Текст книги "Выжить в Сталинграде (Воспоминания фронтового врача. 1943-1946)"


Автор книги: Ганс Дибольд



сообщить о нарушении

Текущая страница: 4 (всего у книги 12 страниц) [доступный отрывок для чтения: 5 страниц]

Он был жив к моменту, когда мы переехали в другой госпиталь.

Обратный путь я совершал другим маршрутом. При этом я часто обнаруживал труп какого-то больного, имени которого не знали лежавшие там раненые. Обычно это был скиталец, который перед смертью искал более удобное место и находил его – место своего последнего упокоения – здесь, лежа посреди галереи.

К вечеру наша работа, а с ней и силы заканчивались. Мы садились на койки и принимались ждать – вшей. Шинели служили нам матрацами, кителя – одеялами, вещевые мешки – подушками. На стене висела моя противомоскитная сетка. В ней я сушил липкий хлеб, прежде чем его съесть. В самом начале зимы, сразу после окружения, жена прислала мне дюжину рождественских свечей. Свечи мне привез молодой артиллерийский лейтенант доктор Эймансбергер, прилетевший в котел накануне Рождества. Через несколько дней его убили, когда он пытался прямой наводкой поразить русский танк из своей гаубицы.

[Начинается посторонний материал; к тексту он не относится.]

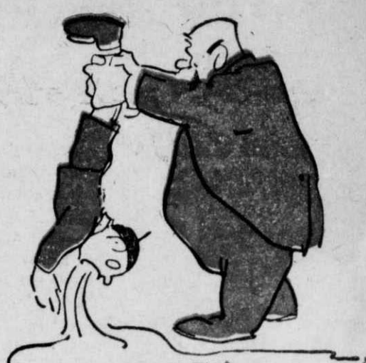
ΤΟΥ ΕΒΓΑΛΕ ΕΝΑ ΤΟΝΟ ΝΕΡΟ. . .

ΤΑ ΒΙΒΛΙΑ ΔΕΝ ΑΝΕΦΕΡΑΝ ΠΟΥΘΕΝΑ ΤΙΠΟΤΑ ΤΕΤΟΙΟ

Половину свечей я раздал своим сослуживцам по медицинскому корпусу как рождественские подарки. В сочельник эти свечи освещали их траншеи и блиндажи в оврагах Россошки. В Гумраке все медики, собравшиеся в блиндаже, были убиты прямым попаданием русской авиационной бомбы.

Остальные свечи я сохранил. Они освещали мне Рождество, светили в Новый год. Теперь у меня оставалось всего две свечи. Иногда я зажигал их, и маленькие огоньки напоминали о доме. В такие минуты мы разговаривали. Доктор Штейн как-то сказал: «Если мы хотим пережить плен, нам надо протянуть пять лет». Я с ним согласился. Так и вышло, по крайней мере для меня.

Так проходили дни и ночи. Время от времени мы поднимались на улицу подышать пять минут свежим морозным воздухом. Однажды во время такой прогулки я встретил коменданта. Он остановился и певуче продекламировал мне какое-то русское стихотворение о весне. Замолчав, он тоскующим взглядом посмотрел на голое деревце, потом повернулся ко мне и сказал: «Идите и работайте; идите и работайте». Но я ушел не сразу, постояв еще несколько мгновений под открытым небом, которого так давно не видел.

С дороги, поперек пересекавшей балку, мне была видна широкая, скованная льдом Волга.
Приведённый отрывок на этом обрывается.